US-C you later: No. 13 Notre Dame rips Trojans, 31-16

October 23, 2021

At halftime Saturday night, his team up 17-3 against cross-country rival University of Southern California, Brian Kelly delivered an old-school football message:

“I told you what this was about on Monday,” Kelly said, per NBC cameras. “It's about being more physical. So if you want to let your guard down in the second half, you think you've got this, shame on you.

“You want to come out and dominate like a Notre Dame football team should against their rival, then show me that you can do that.”

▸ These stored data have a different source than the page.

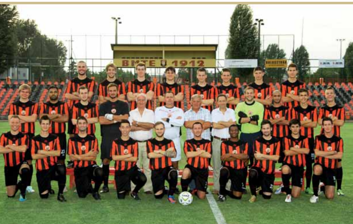
A BLC felnőttcsapata, 2012.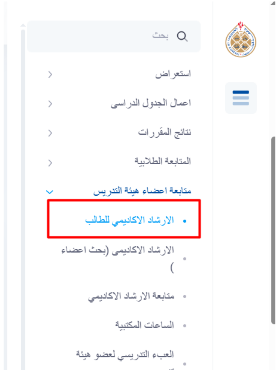
شكل ١ - شاشة الارشاد الاكاديمي للطلاب

من قائمة متابعة أعضاء هيئة التدريس، يمكن لرئيس القسم اختيار شاشة «الإرشاد الأكاديمي للطلاب» للبحث عن الطلاب المُدرّجين أو غير المُدرّجين ضمن الإرشاد الأكاديمي، وتعيينهم لمستشار أكاديمي.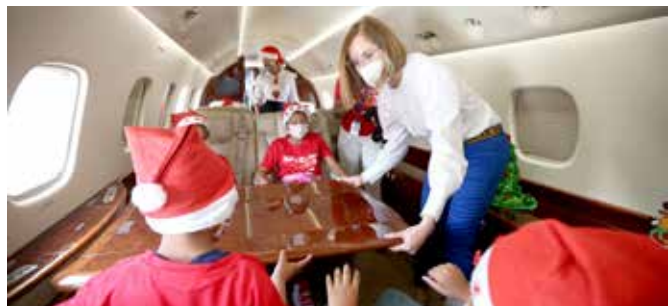
A su regreso, los niños fueron recibidos por Santa Claus y disfrutaron de más sorpresas especialmente preparadas para ellos.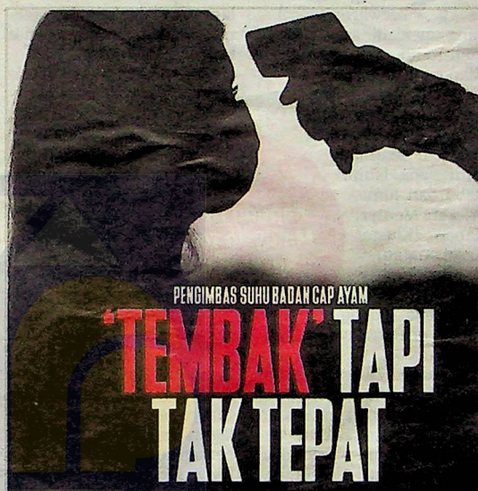
▶ LAPORAN Harian Metro, kelmarin.

laporkan di media arus perdana mengenai penjualan dan penggunaan alat pengimbas digital produk murahan itu, KPDNHEP tidak menerima sebarang laporan mengenainya," katanya.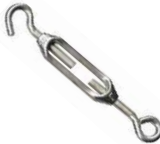
TENSOR PARA CABLE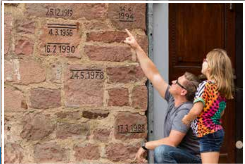
Beeindruckend, die Hochwassermarken in der Altstadt.

Kolpingfamilie Eberbach, Wolfgang Hilbert, Steingartenweg 14, 69412 Eberbach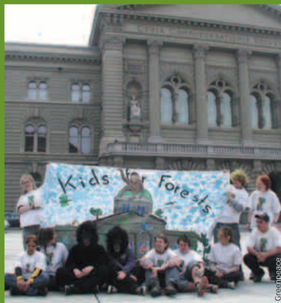
unten: Die Kids for Forest nach Ihrer VeloToUrwald.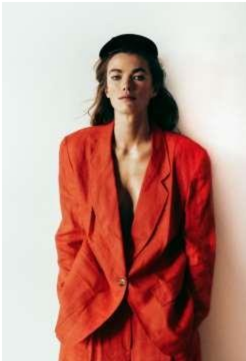
Will Vendramini, "Untitled", Mathilde Brandi, Δεκαετία του '90.

Ο Will Vendramini (Ιταλός φωτογράφος) είναι γνωστός για τις φωτογραφίες μόδας κατά την διάρκεια της δεκαετίας του '90 και όχι μόνο, οι οποίες έχουν δημοσιευτεί σε μεγάλα περιοδικά μόδας όπως Harper's Bazaar και Elle. Η διαχείριση του φωτισμού στις φωτογραφίες του είναι εξαιρετική και το αποτέλεσμα ακόμα και σε φωτογραφίες στούντιο είναι σαν φυσικό. Τα μοντέλα του τα φωτογραφίζει με έναν καθηλωτικό τρόπο που οδηγεί τον θεατή να χαζεύει τις εικόνες του για ώρα.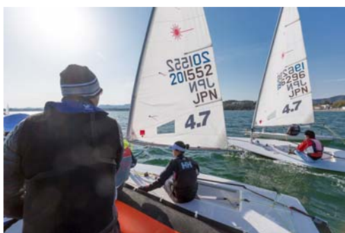
レースが終わった後も、有志の選手によるスピード練習が行われた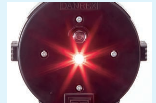
背面 LED 発光時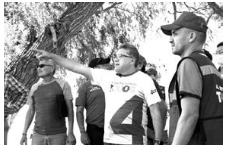
EL PRESIDENTE MUNICIPAL supervisó los trabajos que se realizan en la Isla de la Esperanza.

la media noche del 31 de diciembre, simbolizando así la luz de esperanza de un mejor 2022 para el municipio. Además, como parte de las mejoras en esta zona se realizó el retiro del exceso de lirio acuá-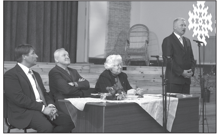
Diskusija par ES kopējo tirgu.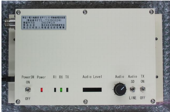
技術基準適合証明を受けた FTL製音声アシスト用無線電話装置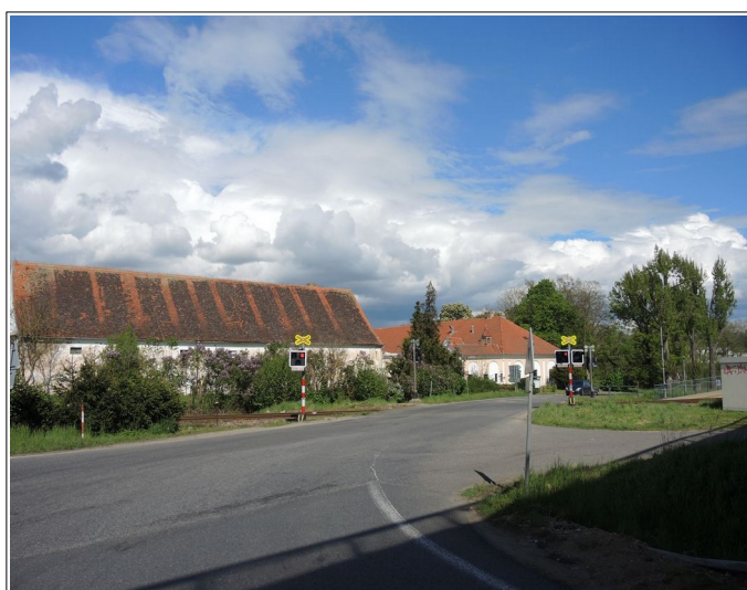
Obr. č. 5: Viditelnost výstrahy PZZ ve směru jízdy NA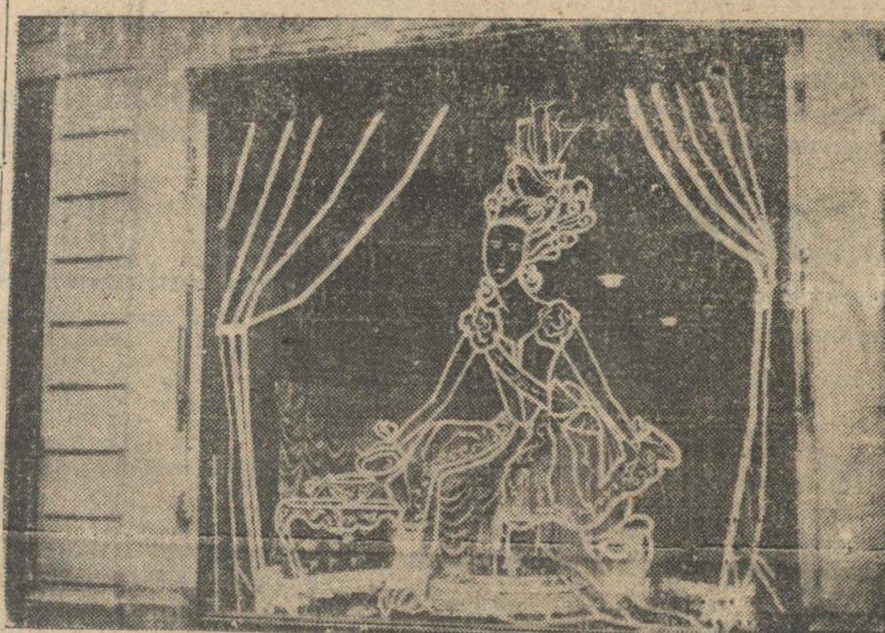
ANTE EL TEMOR DE ATAQUES AEREOS. — Para evitar la quebración de vidrios y cristales durante las posibles incursiones aéreas, los habitantes de París han pegado sobre los vidrios — largas tiras de papel. El dueño de una peluquería tuvo esta feliz ocurrencia combinando la previsión con la reclame de la casa, y las tiras de papel las ha colocado presentando el peinado de una dama del siglo pasado.

PARIS, 27. — (UP). — Se anuncia oficialmente que en París y partes oeste, norte y noroeste de Francia hay alarmas aéreas como resultado de haber cruzado la frontera en diversos puntos varios grupos de aviones alemanes de bombarderos, uno de los cuales tomó rumbo a París donde la alarma aérea duró desde las cuatro treinta y cinco hasta las cinco treinta de la madrugada.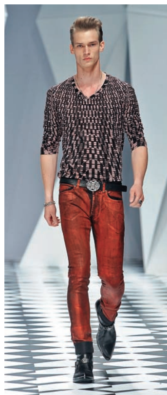
VERSACE ВЕСНА-ЛЕТО 2011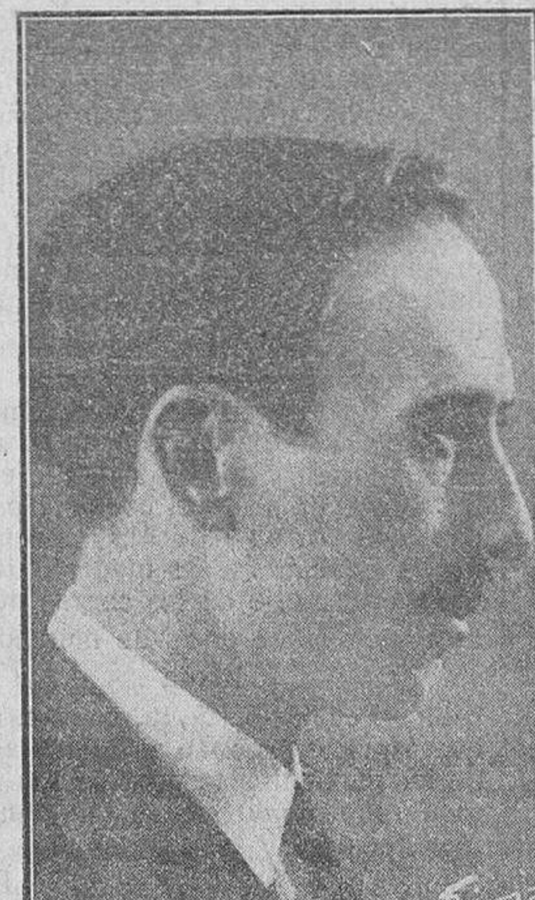
Don Juan Cristóbal, famoso y distinguido escultor, al que, con motivo de la Exposición de Bellas Artes, se le ha concedido el premio de 10.000 pesetas, dedicado a la escultura.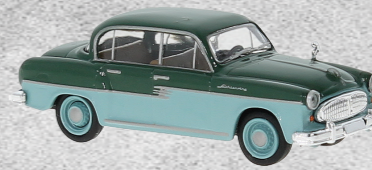
Sachsenring P240 grün/türkis, 1956 Nr. 27481 10.00 € 🔥

Kelly sent an early third-quarter message – he had his offense stay on the field for a fourth-and-1 at the Trojans' 10.

Jack Coan plunged ahead two yards; two plays later, Kyren Williams barreled into the end zone for the second of his two rushing touchdowns.

Though USC later would cut the margin to eight, Notre Dame pulled away to a 31-16 win.

“It was better,” Kelly said of the Irish offense. “It's been sporadic; we played with more tempo, and I think Jack (Coan) needed that.

“I thought Tommy (Rees) did a good job early of getting that tempo established.”

Coan finished 20-for-28 for 189 yards, one touchdown – 4 yards to Avery Davis to open the game’s scoring – and one pick. Tyler Buchner was similarly efficient; the freshman change-of-pace quarterback rushed for 11 yards and a touchdown as well as completed both his pass attempts for 24 yards.

The Fighting Irish (6-1), winners of four in a row in the series for the first time under Kelly, did not yield a touchdown to USC (3-4) until the opening minute of the fourth quarter.

The Trojans possessed the ball nearly seven minutes less than the Irish, were just 7-for-15 on third downs and were left bewildered as Notre Dame punctuated the win with an eight-play, 75-yard drive that lapsed nearly four minutes off the clock and summarily answered USC's final score.

It wasn't all positive for the Fighting Irish (6-1), who saw All-American safety Kyle Hamilton exit the game injured before the end of the first quarter.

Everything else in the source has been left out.